As tensions mount with North Korea, fears arise that President Trump’s tit-for-tat bellicose rhetoric with North Korea’s Kim Jong Un might lead to miscalculations — and thus an accidental war that could have been prevented.
Is there evidence in history that wars break out largely because of an accident or over a misplaced word?
Seldom.
Enemies Fight, but Neutrals, Rivals, and Friends Rarely Do
The precise timing of particular outbreaks of war, of course, can depend on unique factors.
A sudden perception of a loss of deterrence can cause an army to mobilize. So can almost anything, from the introduction of a new weapon to a change in government.
Yet the larger events that originally drove two sides to fight are rarely, if ever, accidental in the manner of car wrecks.
Enemies go to war; rivals, neutrals, and friends rarely do.
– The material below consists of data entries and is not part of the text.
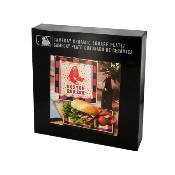 Great for gameday, this MLB Licensed Boston Red Sox Ceramic Square Plate features a white ceramic plate with blue and red decorative designs and the Red Sox logo in the center. Measures approximately 10.25" x 10.25". Microwave and dishwasher safe. Comes packaged in an individual box.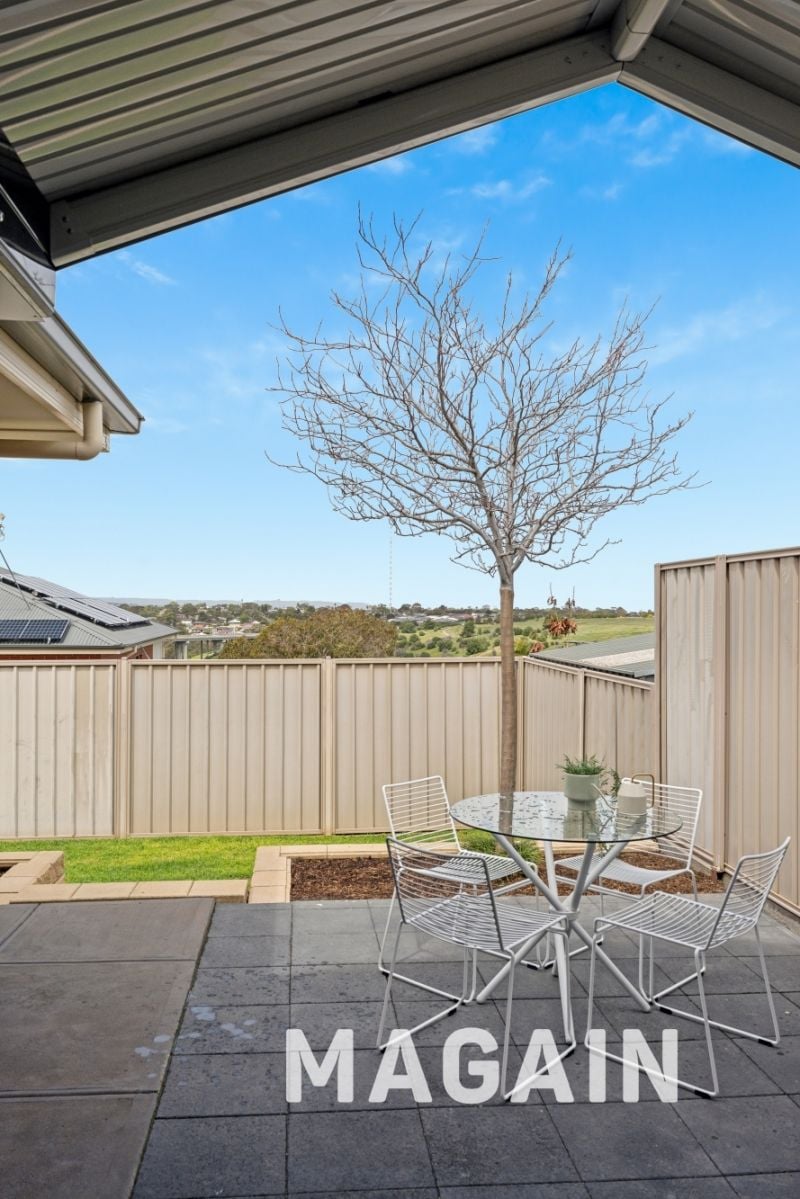 Step inside to find a light and airy interior enhanced by floating timber floors, fresh paint, and brand-new carpets. At the heart of the home, an open-plan kitchen, dining, and family living area creates the perfect hub for daily life. The modern kitchen boasts a walk-in pantry, dishwasher, and breakfast bar, while glass sliding doors connect seamlessly to a large pitched-roof entertaining area and the split-level rear lawn with views across Sheidow Park's rolling hills and valleys.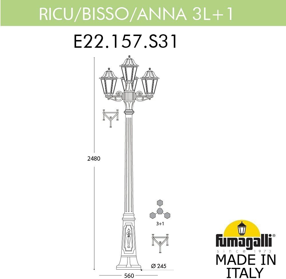 E22.157.S31.AYF1R Фонарный столб FUMAGALLI RICU BISSO/ANNA 2+1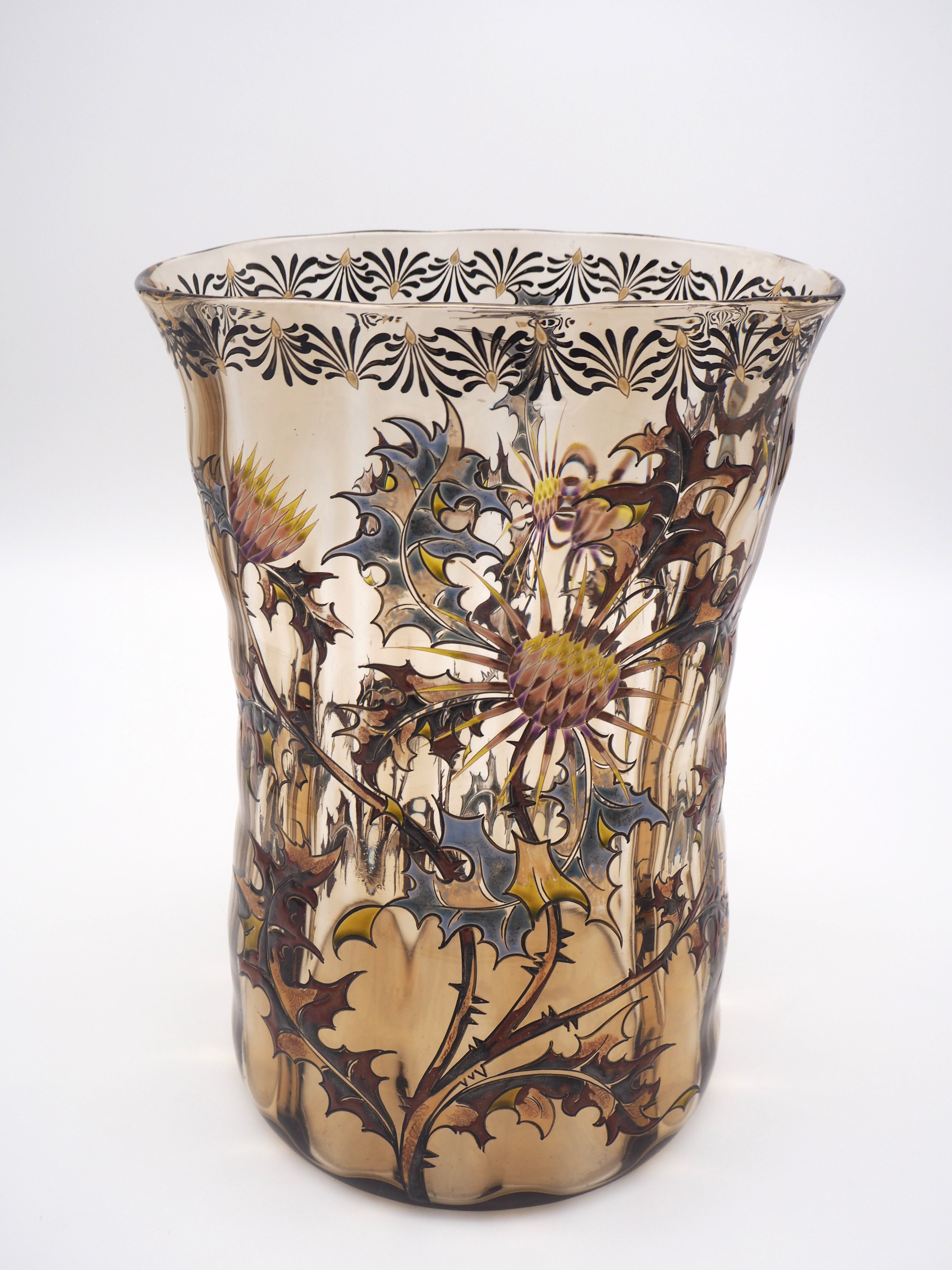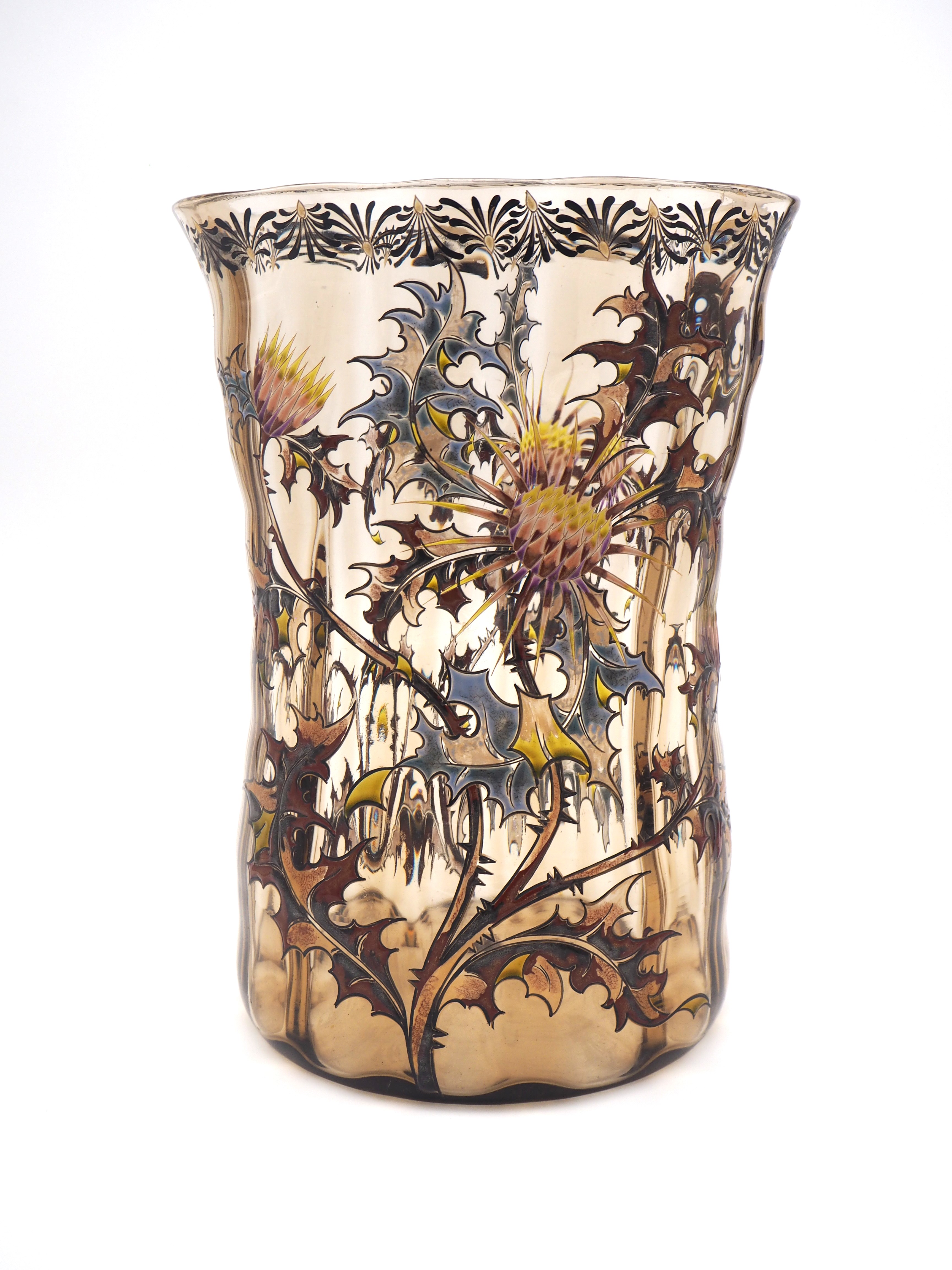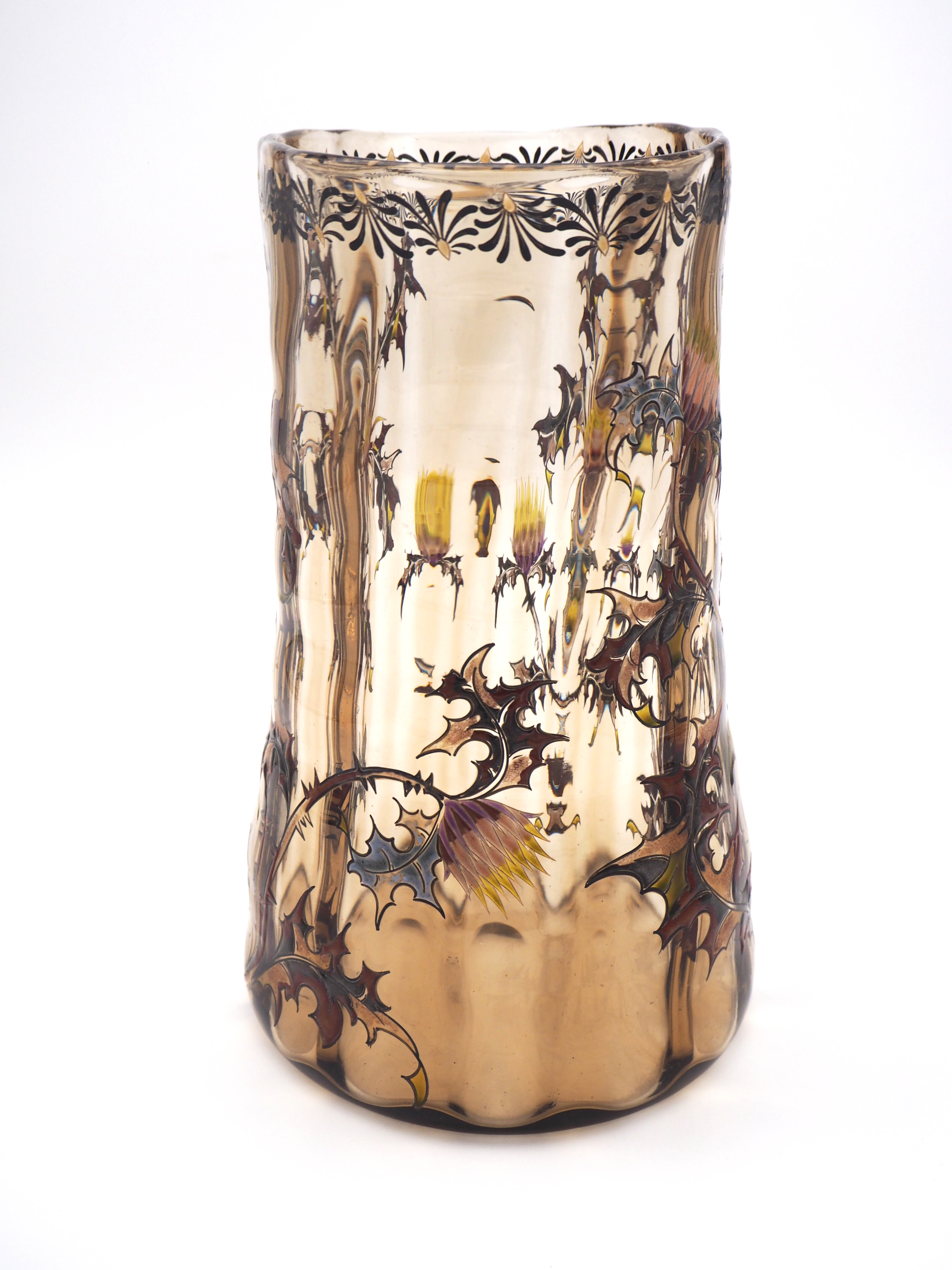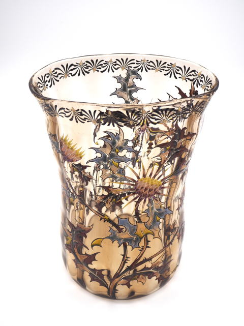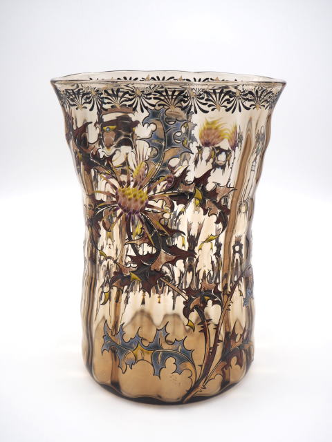 この作品について問い合わせる エミール・ガレ 薊文様 エナメル彩 花瓶 (技法:エナメル彩・金彩) H.32cm W.23cm \3,000,000 (税込 \3,300,000)

There is little chance that an accidental foreign incursion across the Canadian or even the Mexican border will result in war. The apparently accidental, but quite lethal, 1967 Israeli air attack on the USS Liberty did not result in a U.S. retaliatory strike on Tel Aviv, much less escalate to a general war. Yet a similar Soviet strike might have.
In general, the best deterrent policy in dealing with multiple aggressors is Teddy Roosevelt’s dictum to speak softly and carry a big stick — because loud speech is sometimes misinterpreted as a compensatory effort to disguise military incapability, and thus paradoxically it can lead to a fatal loss of deterrence.
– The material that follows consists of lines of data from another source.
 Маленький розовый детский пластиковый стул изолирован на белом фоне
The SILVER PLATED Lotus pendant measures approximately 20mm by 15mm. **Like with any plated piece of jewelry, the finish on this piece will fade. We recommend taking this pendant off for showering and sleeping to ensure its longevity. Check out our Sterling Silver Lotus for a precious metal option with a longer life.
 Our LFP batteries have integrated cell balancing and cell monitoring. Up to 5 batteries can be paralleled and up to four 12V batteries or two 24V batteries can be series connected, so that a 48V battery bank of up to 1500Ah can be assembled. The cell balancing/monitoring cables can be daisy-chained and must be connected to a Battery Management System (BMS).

Next best perhaps is speaking loudly while carrying a big stick. Intemperate words are not fatal if ultimately reinforced by overwhelming force.
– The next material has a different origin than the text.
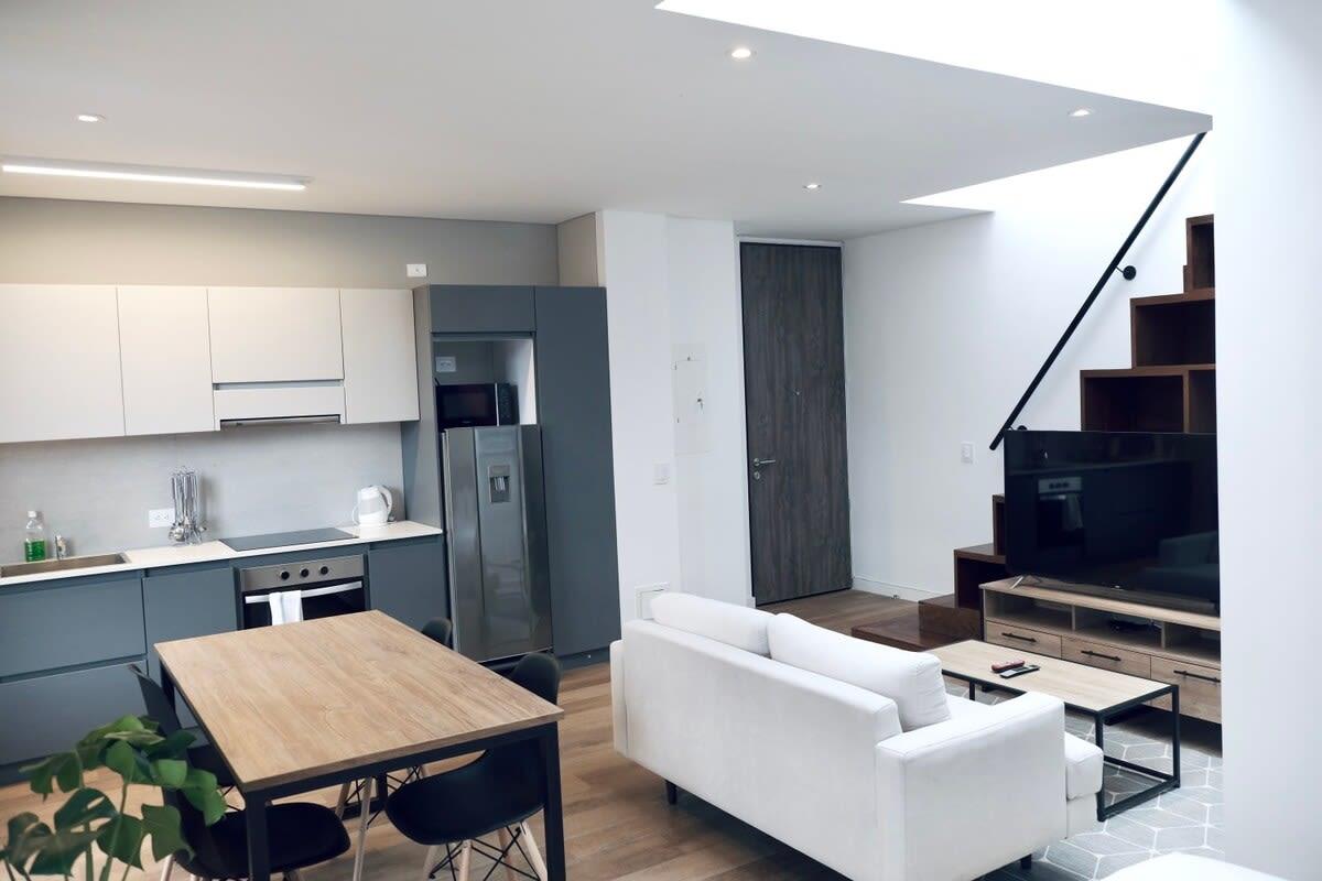 Located in the best area of Bogotá, next to Parque Virrey and Zona Rosa. Ideal for business trips, couples and solo travelers who want to stay in a spacious modern 1 Bedroom Penthouse Duplex. You will be walking distance from the shopping center (Andino), restaurants, top gyms, supermarkets, bars and coffee shops in the city.

Most dangerous is speaking loudly (and especially sanctimoniously) while carrying a twig — basically what we have seen in the past eight years with Russia, Iran, and Syria.
Was World War I Really an Accident?
It is often said that accidents and extraneous forces — nearly automatic and mindless mobilization, fumbled diplomacy, greedy arms merchants, archaic alliances on autopilot, confused messaging, or bellicose strutting and rhetoric in August 1914 — triggered World War I, which otherwise might have been prevented.
But a continental war had come close to breaking out earlier in 1911 over Morocco and again in 1912–13 in the Balkans. A war would likely have broken out later, if not in 1914. Berlin by 1914 held views that were incompatible with peaceful resolution:
1) Germany felt cheated that its economic dynamism, population, and military power somehow had not resulted in what Germany thought it deserved: commensurate colonial expansion overseas and dominant influence on the Continent;
2) the German army since 1871 had felt that its size, and organizational and technological excellence, increasingly replicated in a rising and powerful navy, made it nearly unstoppable vis-à-vis other European rivals;
3) any sudden German strike in either the East or West could not be immediately deterred or stopped by the existing forces of Britain, France, or Russia.
The net result of these unchallenged assumptions was a likely German war of aggression sometime in the second or third decade of the 20th century.